Without including the pictures, copy each line below exactly as it reads.
(Data shown Opens)
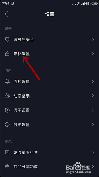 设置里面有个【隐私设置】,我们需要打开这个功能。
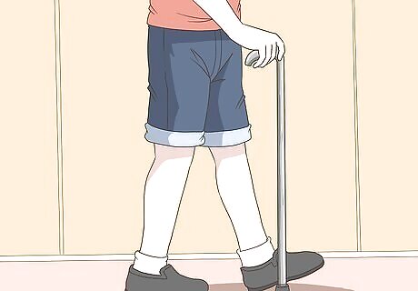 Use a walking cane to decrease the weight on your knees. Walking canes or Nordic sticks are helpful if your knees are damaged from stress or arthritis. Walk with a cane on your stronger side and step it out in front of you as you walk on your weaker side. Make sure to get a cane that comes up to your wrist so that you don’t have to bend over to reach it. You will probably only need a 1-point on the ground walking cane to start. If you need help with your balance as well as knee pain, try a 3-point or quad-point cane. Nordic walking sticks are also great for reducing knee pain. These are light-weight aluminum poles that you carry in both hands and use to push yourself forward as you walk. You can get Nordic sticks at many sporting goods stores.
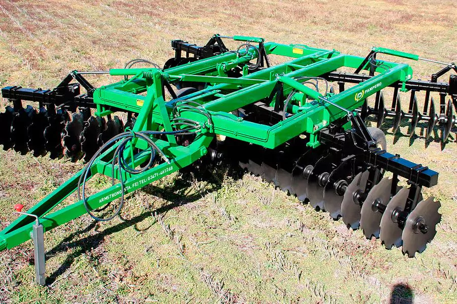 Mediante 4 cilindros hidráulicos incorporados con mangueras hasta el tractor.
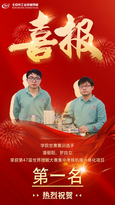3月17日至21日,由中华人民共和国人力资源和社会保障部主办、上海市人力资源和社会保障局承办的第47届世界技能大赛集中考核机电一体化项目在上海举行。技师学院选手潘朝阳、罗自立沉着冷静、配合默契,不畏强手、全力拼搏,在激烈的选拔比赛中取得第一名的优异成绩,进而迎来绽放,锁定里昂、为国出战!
(Data shown Closes)
## Expected output:
 设置里面有个【隐私设置】,我们需要打开这个功能。
 Use a walking cane to decrease the weight on your knees. Walking canes or Nordic sticks are helpful if your knees are damaged from stress or arthritis. Walk with a cane on your stronger side and step it out in front of you as you walk on your weaker side. Make sure to get a cane that comes up to your wrist so that you don’t have to bend over to reach it. You will probably only need a 1-point on the ground walking cane to start. If you need help with your balance as well as knee pain, try a 3-point or quad-point cane. Nordic walking sticks are also great for reducing knee pain. These are light-weight aluminum poles that you carry in both hands and use to push yourself forward as you walk. You can get Nordic sticks at many sporting goods stores.
 Mediante 4 cilindros hidráulicos incorporados con mangueras hasta el tractor.
3月17日至21日,由中华人民共和国人力资源和社会保障部主办、上海市人力资源和社会保障局承办的第47届世界技能大赛集中考核机电一体化项目在上海举行。技师学院选手潘朝阳、罗自立沉着冷静、配合默契,不畏强手、全力拼搏,在激烈的选拔比赛中取得第一名的优异成绩,进而迎来绽放,锁定里昂、为国出战!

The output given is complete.